EXERCISE DIRECTIONS
Each word in the data below should be copied exactly; the images should not.

EXERCISE INPUT
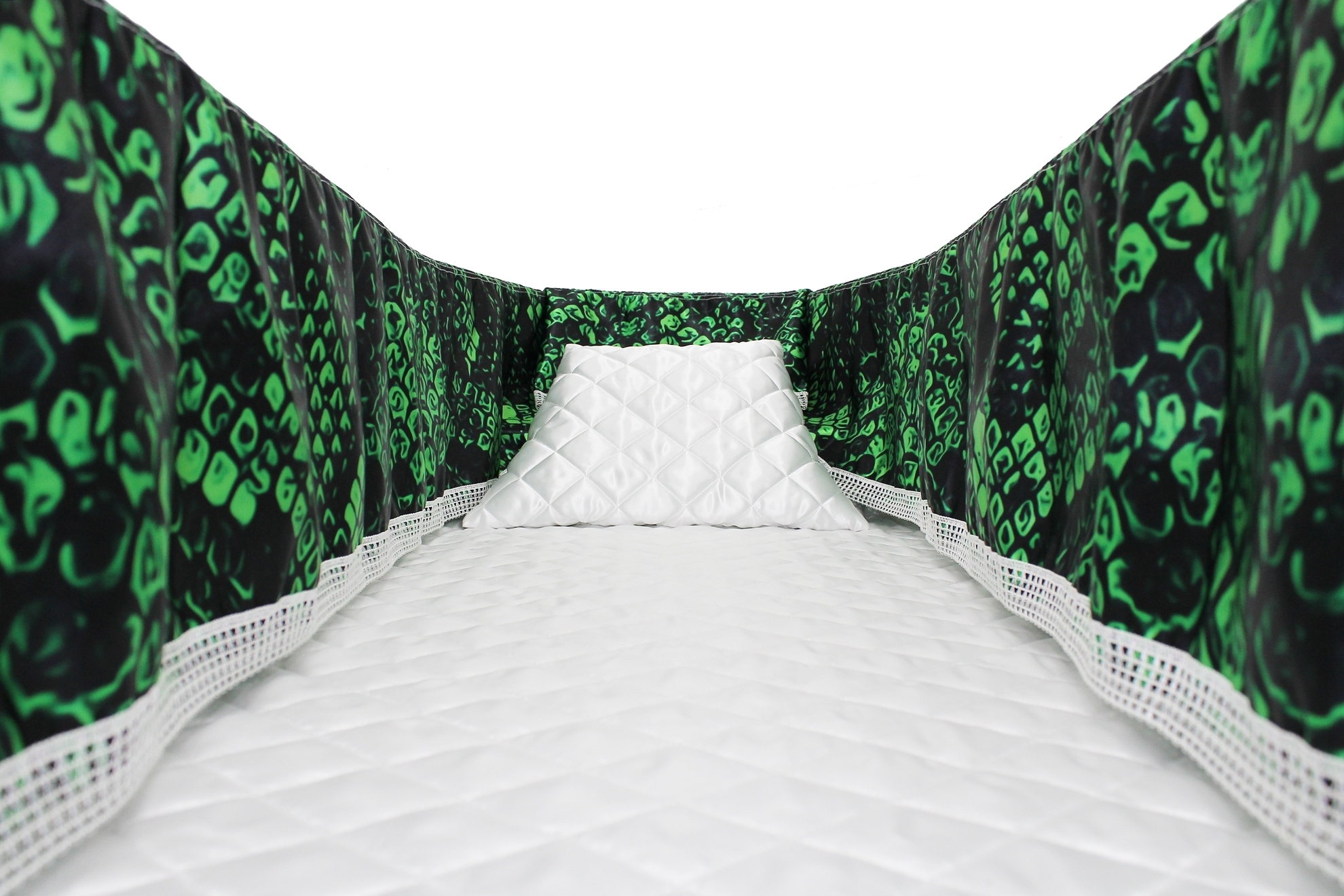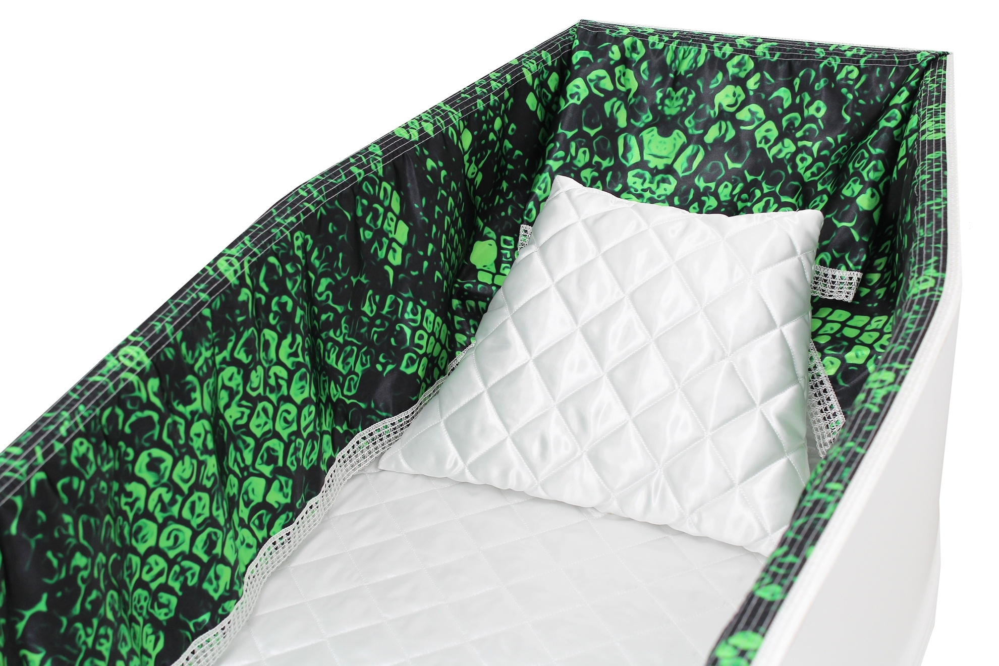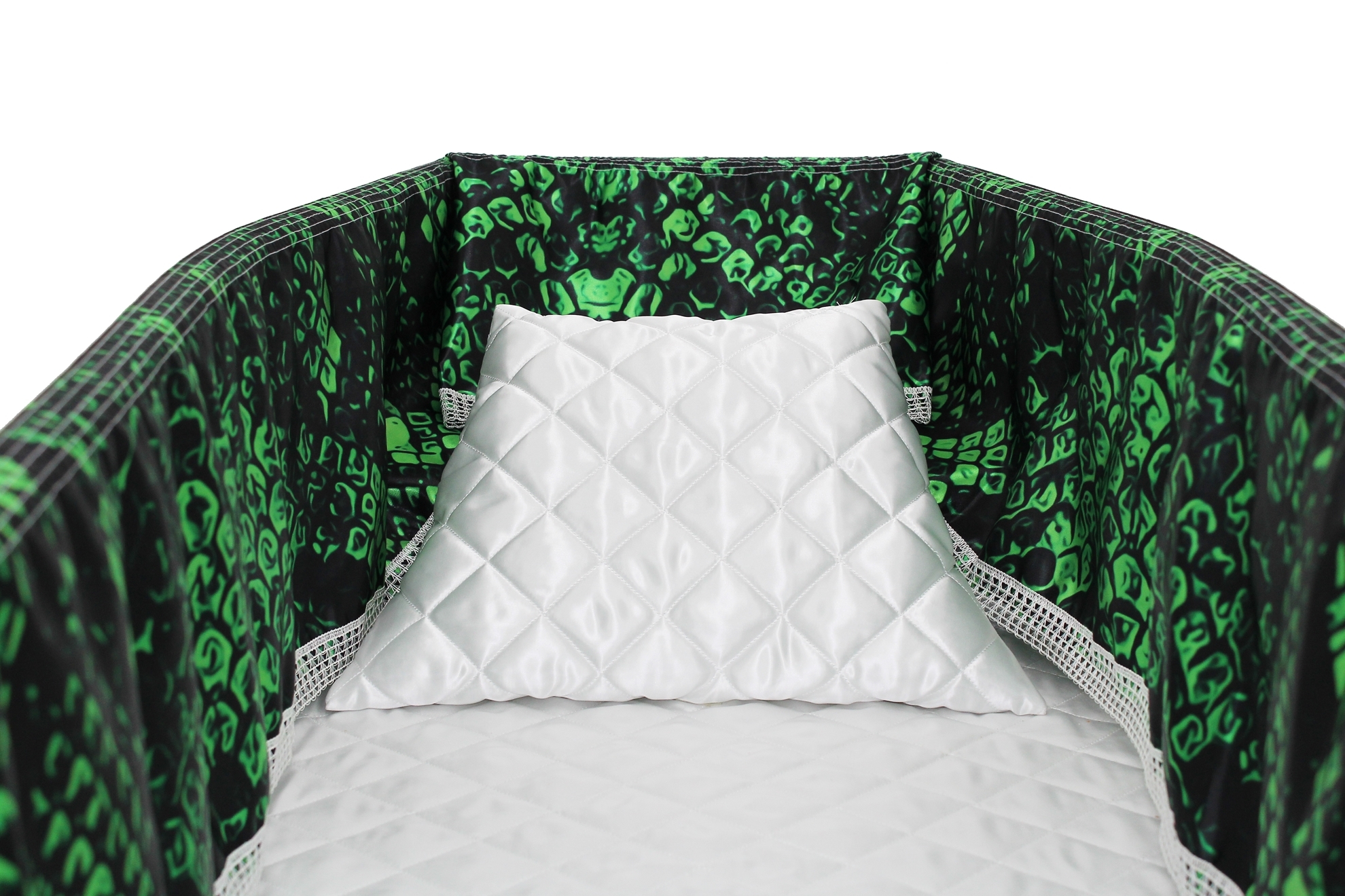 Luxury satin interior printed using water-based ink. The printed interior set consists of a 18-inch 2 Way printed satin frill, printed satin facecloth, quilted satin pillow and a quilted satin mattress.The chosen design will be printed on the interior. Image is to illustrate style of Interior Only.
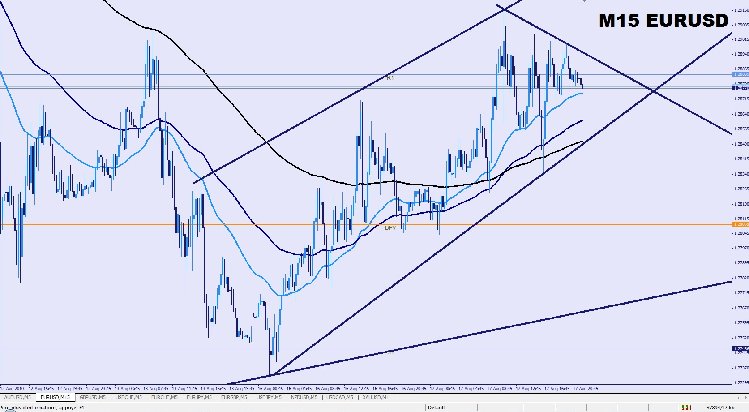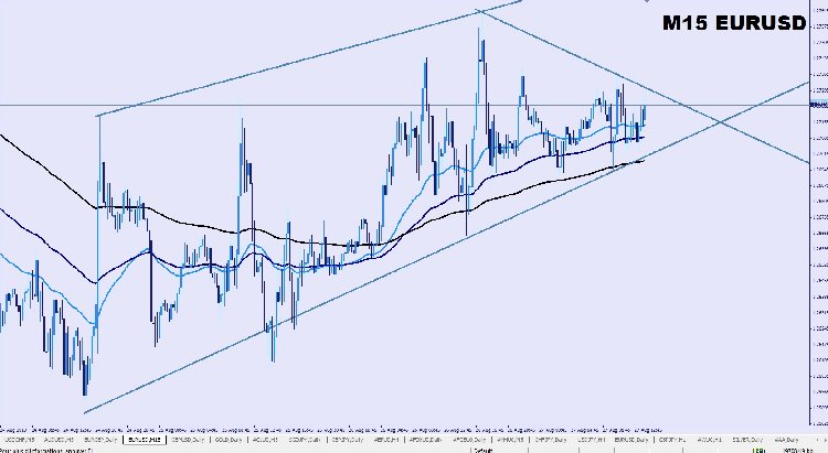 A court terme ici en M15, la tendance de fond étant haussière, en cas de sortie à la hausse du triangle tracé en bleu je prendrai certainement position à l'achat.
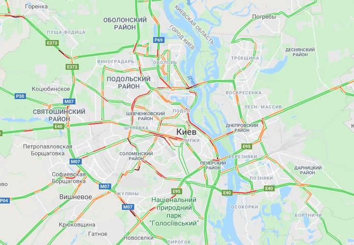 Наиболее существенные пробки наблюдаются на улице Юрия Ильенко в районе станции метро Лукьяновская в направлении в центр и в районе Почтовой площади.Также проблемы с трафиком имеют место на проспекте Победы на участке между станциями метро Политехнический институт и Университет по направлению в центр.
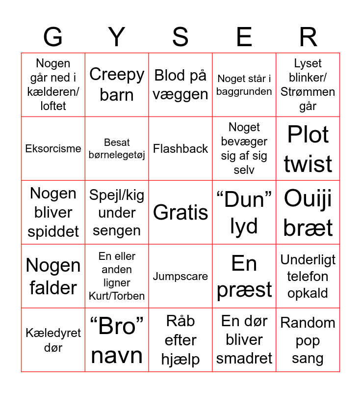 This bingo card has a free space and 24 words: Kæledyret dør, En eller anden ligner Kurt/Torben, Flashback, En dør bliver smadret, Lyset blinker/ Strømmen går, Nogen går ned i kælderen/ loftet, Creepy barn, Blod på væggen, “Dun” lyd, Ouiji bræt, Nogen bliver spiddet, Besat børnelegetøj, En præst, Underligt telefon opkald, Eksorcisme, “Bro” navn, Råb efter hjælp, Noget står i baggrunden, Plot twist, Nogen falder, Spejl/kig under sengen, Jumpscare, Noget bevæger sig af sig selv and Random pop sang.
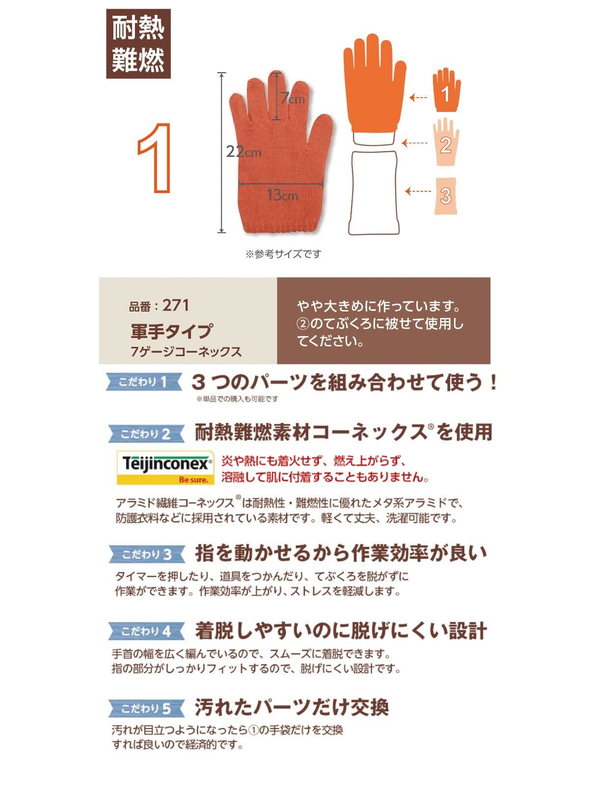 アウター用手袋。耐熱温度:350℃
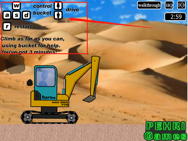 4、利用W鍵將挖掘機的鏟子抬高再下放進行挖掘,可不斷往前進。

RESULT OF THIS EXERCISE
 Luxury satin interior printed using water-based ink. The printed interior set consists of a 18-inch 2 Way printed satin frill, printed satin facecloth, quilted satin pillow and a quilted satin mattress.The chosen design will be printed on the interior. Image is to illustrate style of Interior Only.
 A court terme ici en M15, la tendance de fond étant haussière, en cas de sortie à la hausse du triangle tracé en bleu je prendrai certainement position à l'achat.
 Наиболее существенные пробки наблюдаются на улице Юрия Ильенко в районе станции метро Лукьяновская в направлении в центр и в районе Почтовой площади.Также проблемы с трафиком имеют место на проспекте Победы на участке между станциями метро Политехнический институт и Университет по направлению в центр.
 This bingo card has a free space and 24 words: Kæledyret dør, En eller anden ligner Kurt/Torben, Flashback, En dør bliver smadret, Lyset blinker/ Strømmen går, Nogen går ned i kælderen/ loftet, Creepy barn, Blod på væggen, “Dun” lyd, Ouiji bræt, Nogen bliver spiddet, Besat børnelegetøj, En præst, Underligt telefon opkald, Eksorcisme, “Bro” navn, Råb efter hjælp, Noget står i baggrunden, Plot twist, Nogen falder, Spejl/kig under sengen, Jumpscare, Noget bevæger sig af sig selv and Random pop sang.
 アウター用手袋。耐熱温度:350℃
 4、利用W鍵將挖掘機的鏟子抬高再下放進行挖掘,可不斷往前進。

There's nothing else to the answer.